→ PROBLEM TO WORK ON: Copy out each line of the data that holds the word "hogy".

→ SOURCE DATA:
*-*-*

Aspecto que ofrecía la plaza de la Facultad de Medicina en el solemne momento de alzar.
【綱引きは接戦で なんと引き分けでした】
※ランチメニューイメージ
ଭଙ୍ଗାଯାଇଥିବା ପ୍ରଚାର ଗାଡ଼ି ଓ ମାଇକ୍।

*-*-*

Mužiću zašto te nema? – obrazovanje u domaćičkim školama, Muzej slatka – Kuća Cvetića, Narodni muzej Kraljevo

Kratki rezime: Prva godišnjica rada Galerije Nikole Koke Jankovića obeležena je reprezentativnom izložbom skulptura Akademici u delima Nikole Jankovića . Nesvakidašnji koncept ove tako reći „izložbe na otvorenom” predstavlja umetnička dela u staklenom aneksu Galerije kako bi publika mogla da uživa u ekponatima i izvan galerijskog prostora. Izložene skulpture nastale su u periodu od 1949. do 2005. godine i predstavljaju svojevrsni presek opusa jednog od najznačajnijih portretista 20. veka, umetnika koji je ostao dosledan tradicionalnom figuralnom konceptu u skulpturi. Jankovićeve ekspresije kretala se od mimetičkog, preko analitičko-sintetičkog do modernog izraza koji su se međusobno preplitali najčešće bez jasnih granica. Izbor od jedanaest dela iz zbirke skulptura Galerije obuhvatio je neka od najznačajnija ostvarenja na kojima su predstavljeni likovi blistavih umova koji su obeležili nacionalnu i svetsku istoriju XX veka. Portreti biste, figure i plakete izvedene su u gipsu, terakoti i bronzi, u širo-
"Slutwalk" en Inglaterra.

*-*-*

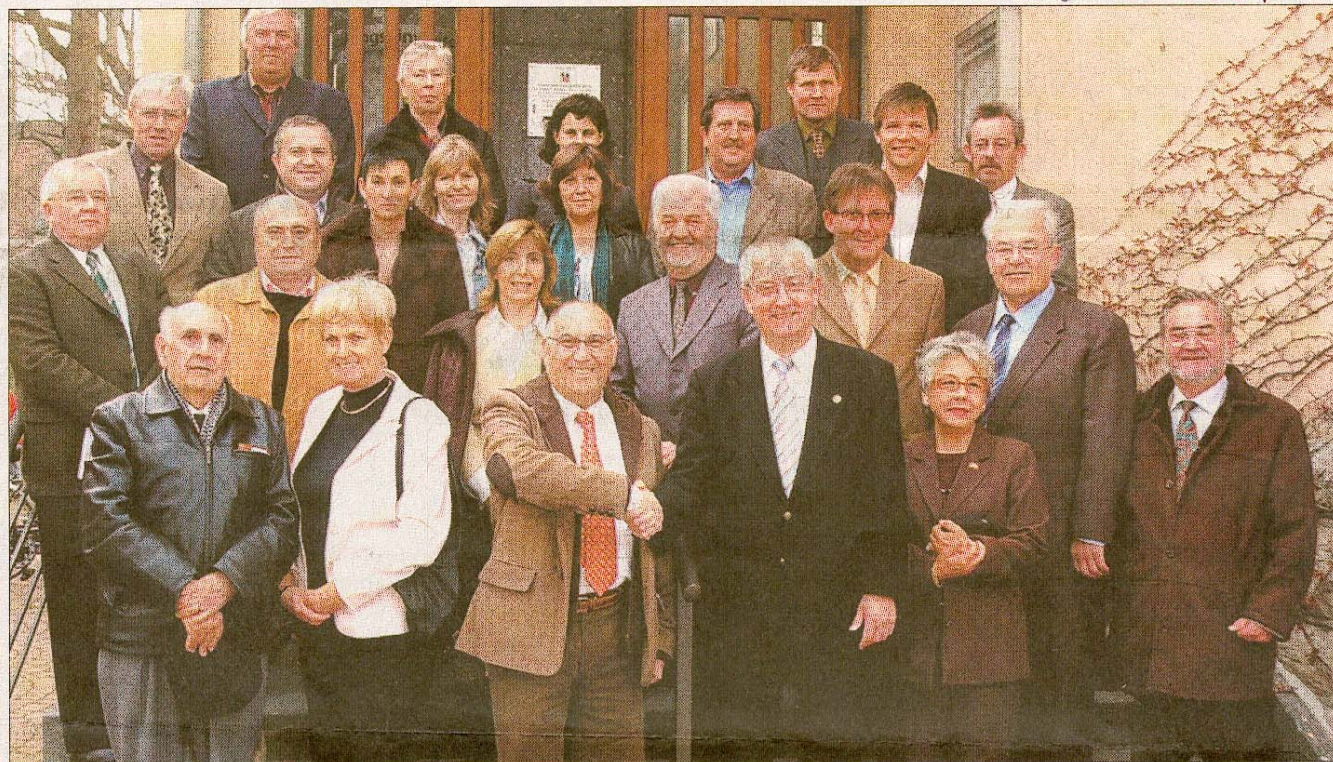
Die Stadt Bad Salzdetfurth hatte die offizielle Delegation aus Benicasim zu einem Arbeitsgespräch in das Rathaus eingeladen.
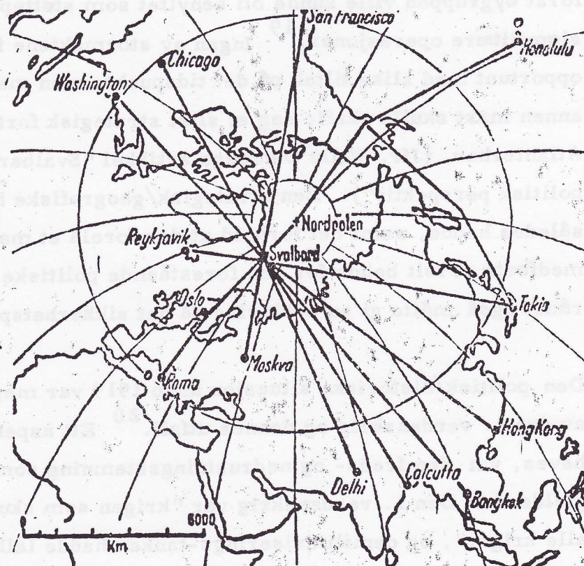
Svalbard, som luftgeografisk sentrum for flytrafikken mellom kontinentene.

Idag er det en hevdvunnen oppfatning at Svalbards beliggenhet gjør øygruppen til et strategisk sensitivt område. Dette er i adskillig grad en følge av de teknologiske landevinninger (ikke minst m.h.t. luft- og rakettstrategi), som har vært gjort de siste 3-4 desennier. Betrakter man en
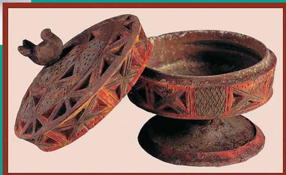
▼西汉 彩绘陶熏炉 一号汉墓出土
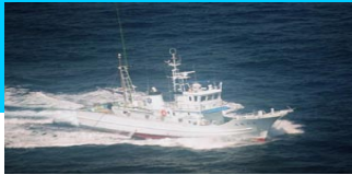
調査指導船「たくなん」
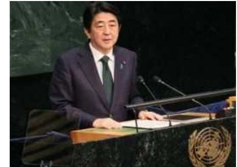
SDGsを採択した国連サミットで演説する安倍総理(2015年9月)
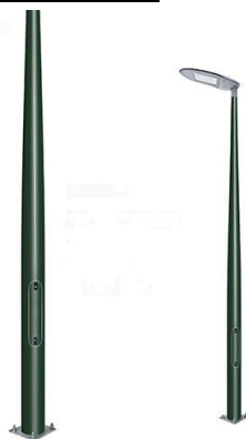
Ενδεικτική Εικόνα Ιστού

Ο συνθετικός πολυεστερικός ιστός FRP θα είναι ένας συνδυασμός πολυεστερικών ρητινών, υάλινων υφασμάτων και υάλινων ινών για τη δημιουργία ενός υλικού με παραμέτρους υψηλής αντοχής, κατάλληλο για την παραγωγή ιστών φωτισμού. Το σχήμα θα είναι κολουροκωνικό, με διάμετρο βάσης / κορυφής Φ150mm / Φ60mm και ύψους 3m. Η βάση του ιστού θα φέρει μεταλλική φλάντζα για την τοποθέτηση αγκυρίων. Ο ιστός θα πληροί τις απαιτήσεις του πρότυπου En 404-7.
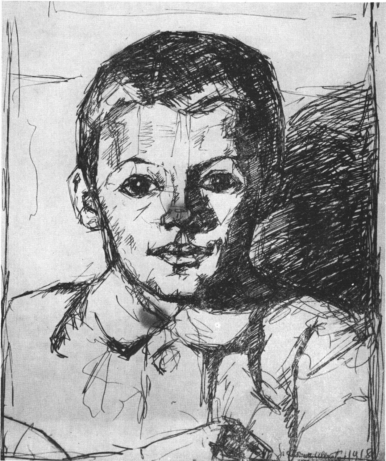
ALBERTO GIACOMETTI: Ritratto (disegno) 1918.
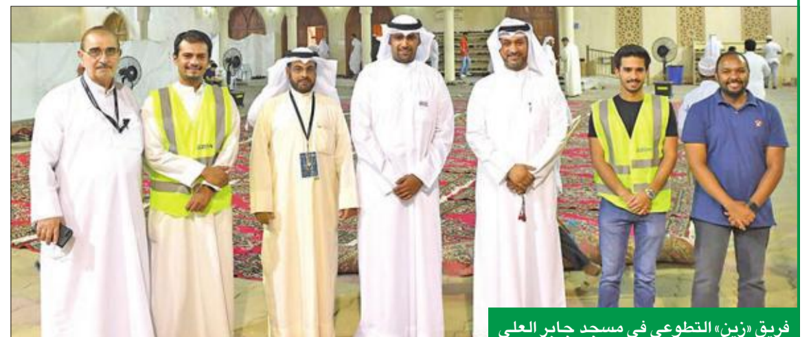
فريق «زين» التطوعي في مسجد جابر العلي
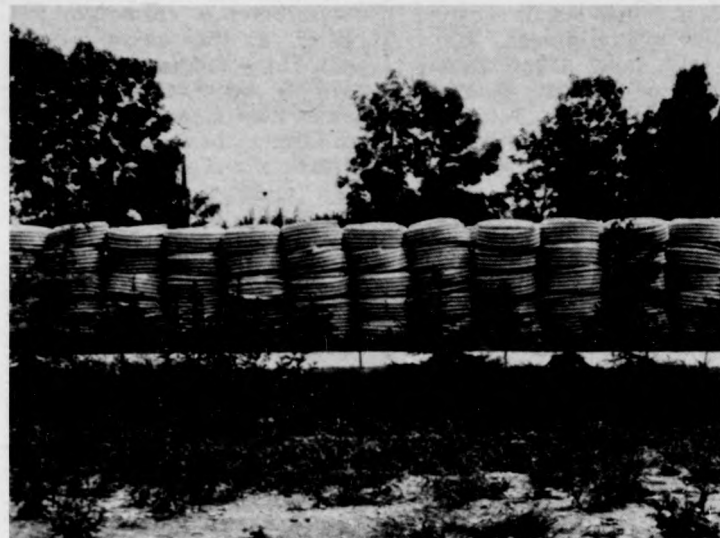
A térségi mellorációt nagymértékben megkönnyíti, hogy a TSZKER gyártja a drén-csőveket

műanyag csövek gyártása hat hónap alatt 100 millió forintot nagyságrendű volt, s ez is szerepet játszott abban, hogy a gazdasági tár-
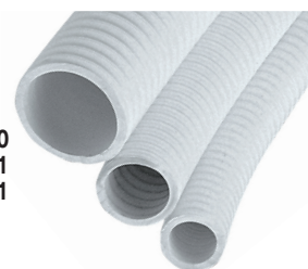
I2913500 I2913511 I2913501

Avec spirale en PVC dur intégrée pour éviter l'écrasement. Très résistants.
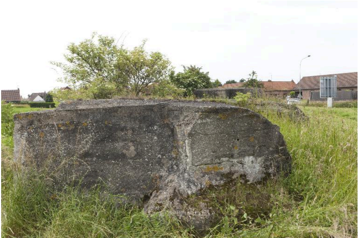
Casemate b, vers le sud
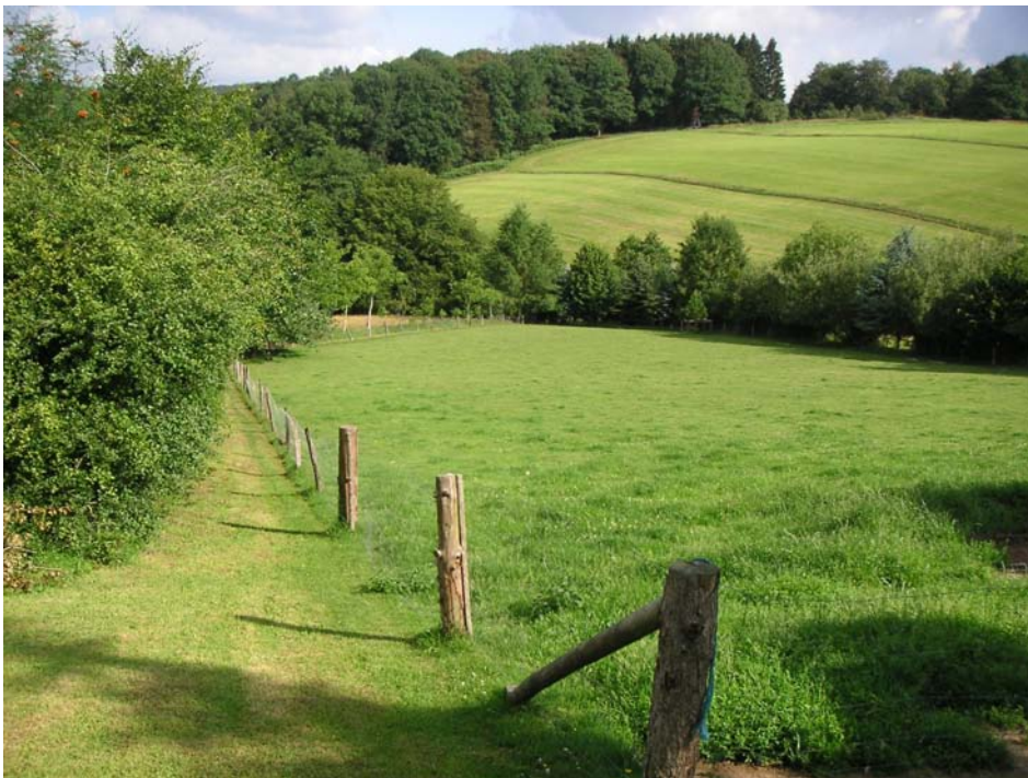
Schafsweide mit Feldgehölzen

*-*-*

→ EXERCISE OUTPUT:
A térségi mellorációt nagymértékben megkönnyíti, hogy a TSZKER gyártja a drén-csőveket
műanyag csövek gyártása hat hónap alatt 100 millió forintot nagyságrendű volt, s ez is szerepet játszott abban, hogy a gazdasági tár-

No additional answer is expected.